Cloud-based methods to predict the druggability of protein-protein interactions: applications to cancer and antimicrobial resistance.

Computational simulations allow us to make predictions about how biological molecules interact with (stick to) each other, and how these interactions, if they go wrong, can lead to disease. If this is understood then there is the potential to design new drugs that prevent this unwanted interaction between the protein molecules, and so treat the disease. This approach has great potential in areas as diverse as cancer therapy and new antibiotics. The problem is that the computer simulations needed for this type of study are enormous - typically they require access to the world's largest supercomputers. However, new research has shown how the same type of simulation study can be accomplished by spreading the work over very large numbers of smaller computers which may be spread all around the world. Such computer facilities - "the cloud" - are already incredibly important in fields ranging from business to social media, but the idea hasn't yet really made an impact in computational medical science. Our aim is to help this happen.
Building on years of previous experience developing computer software to help biological scientists and chemists easily use supercomputers for their research, we will develop a toolkit for "cloud-based computational chemistry". This will make it possible for far more researchers, all round the world, to do the same sort of cutting-edge medical research that until now was only possible for those groups who could access a supercomputer. We will test the power of this new facility by using it to study two particular diseases - cancer and antibiotic resistance. In both cases we will build on the research experience and interests of our industrial partner, the pharmaceutical company UCB Celltech. This ensures that, should we get some promising results, the theoretical predictions can quickly be tested in the lab, and if they hold up, taken forward into the development of new drugs for these key health problems.

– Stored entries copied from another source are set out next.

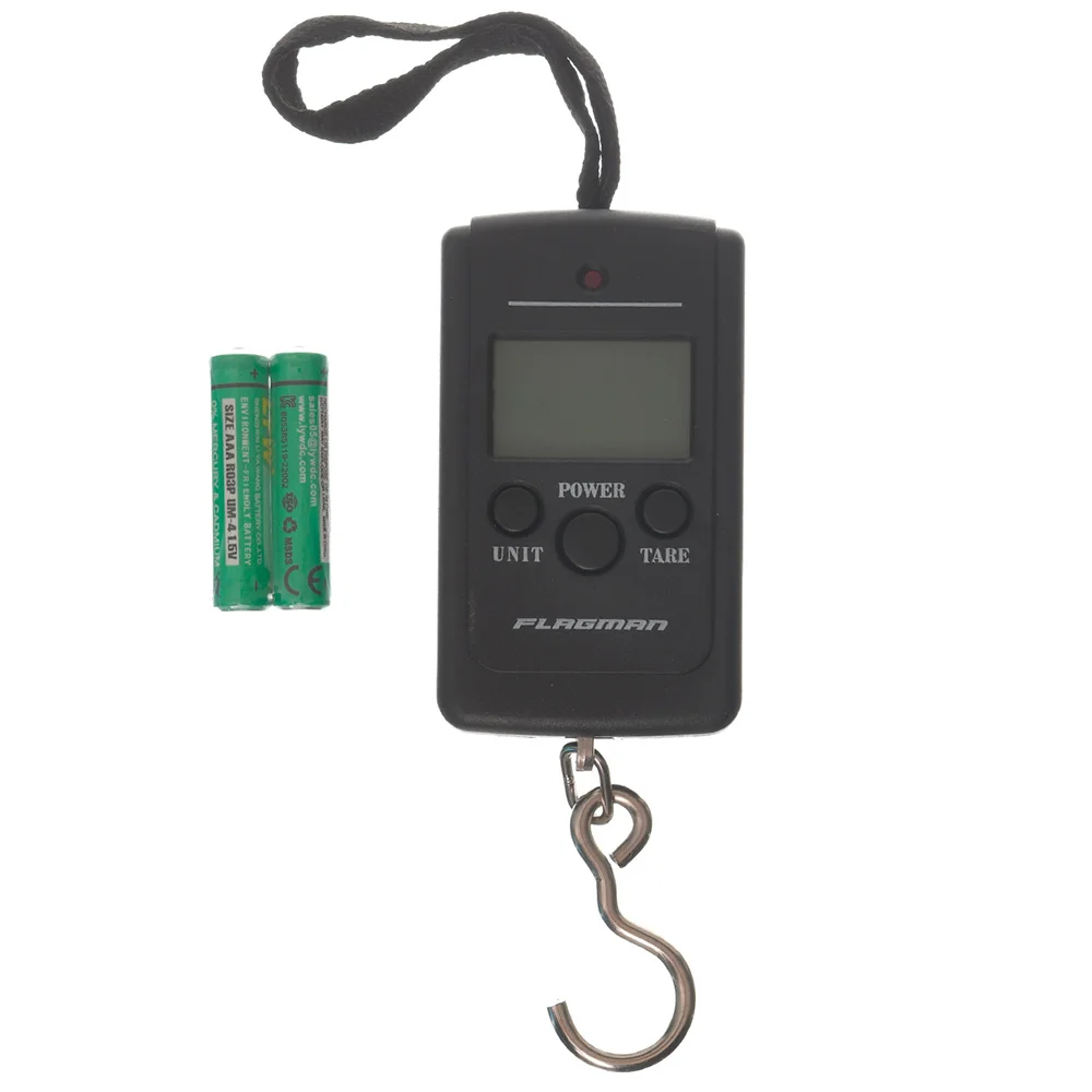 Flagman Electronic Scales – невеликі електронні ваги, які призначено для зважування улову. Їх виготовлено з ударостійкого АБС-пластику та розраховано на зважування трофеїв із вагою до 20 кг. Точність вимірювання – 5 г. Ваги Flagman Electronic Scales обладнано великим рідкокристалічним дисплеєм, міцною ручкою та надійним гаком. Вони мають функції автоматичної та ручної фіксації ваги, обнулення тари, автоматичного вимкнення після 90 секунд простою. Доступні одиниці вимірювання: кілограми (kg), фунти (lb), грами (g), унції (oz). Живлення: 2 елементи ААА (у комплекті).
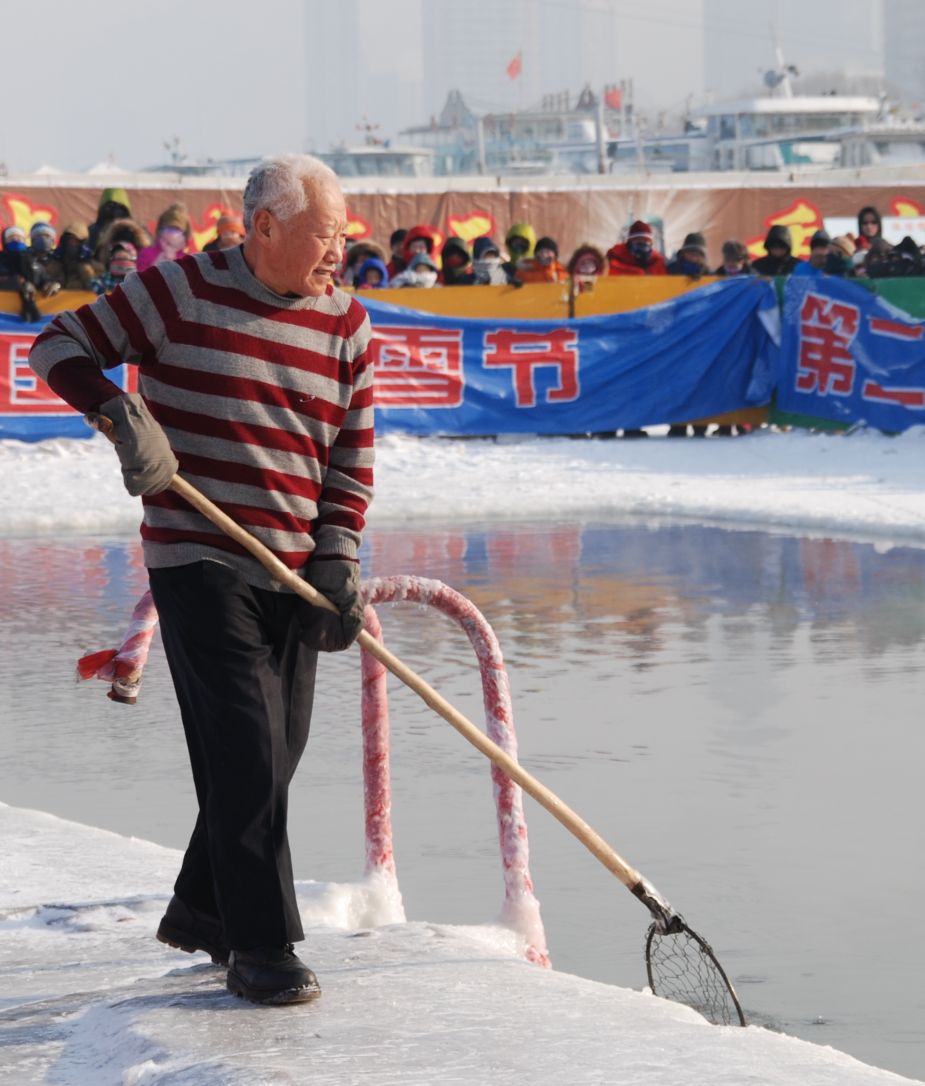 Vinterbadsuppvisning, en massa kineser och ryssar i sina bästa år, i foppatofflor, gummiskor, diskhandskar och badmössor. Först lite avisning av poolen bara, och lite uppvärmningsgympa:
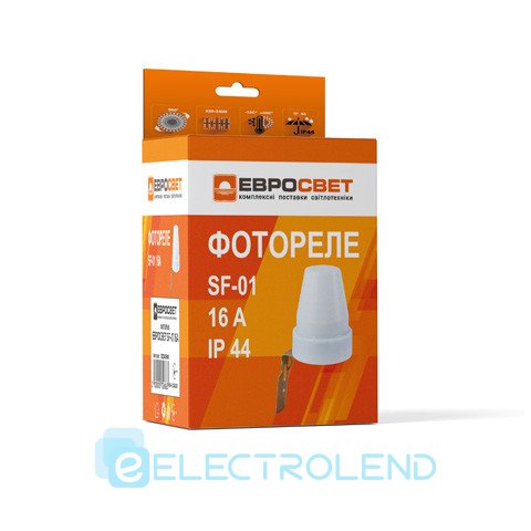 Фотореле ЕВРОСВЕТ SF-01 16A рекомендується застосовувати для повної самостійної роботи системи освітлення, щоб воно вмикалося тільки в темний час доби без необхідності ручного запуску. Його необхідно встановлювати в місцях з постійним доступом світла навколишнього середовища, уникаючи освітлення вашими світильниками. Цей сутінковий датчик вуличного освітлення розміщений в корпусі IP44 і має можливість одночасного підключення до нього великої кількості приладів, максимальною силою струму до 16 ампер.
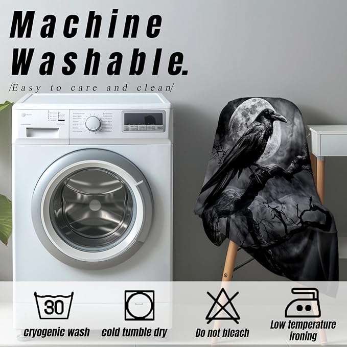 Gothic Blanket Gifts for Adults and Kids Raven and Moon Halloween Throw Blankets for Bed Room Couch Soft Lightweight Warm Cozy Throws Decor 60x80in
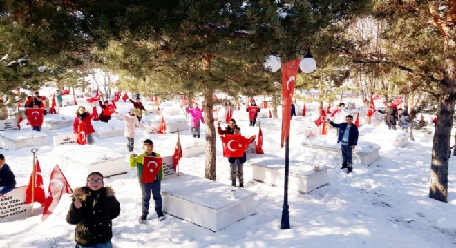 Büyük bir heyecan ve coşkuyla geçen ziyarette şehitlere Fatihalar okudular. İstiklal Marşı da okuyan çocuklar bu özel güne anlam katmanın huzuruyla ziyareti tamamladılar.
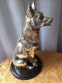 Bella statua in fusione ottone bronzato,rappresentante il nostro amico cane lupo,vintage ,molto pesante Altezza cm.31 Diametro base cm.18 € 35 Possibile spedizione
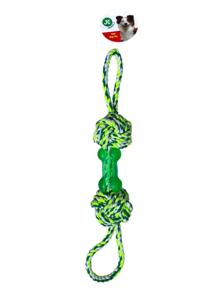 Jouet pour chien JK Animals en corde tressée + os en caoutchouc TPR vert 48 cm Neuf

Who might benefit from this research?

This research aims to improve our ability to design new drugs: both new drugs for new targets, and better drugs for established targets. It could therefore benefit the general public and the UK economy.

How might they benefit?

New medicines could be developed to treat diseases that so far have been difficult to tackle, or new medicines could be developed that are more effective than existing ones, maybe due to fewer side effects.
The UK pharmaceutical industry is a major part of the UK economy. New drugs and medicines would give them a competitive advantage and could provide new employment opportunities.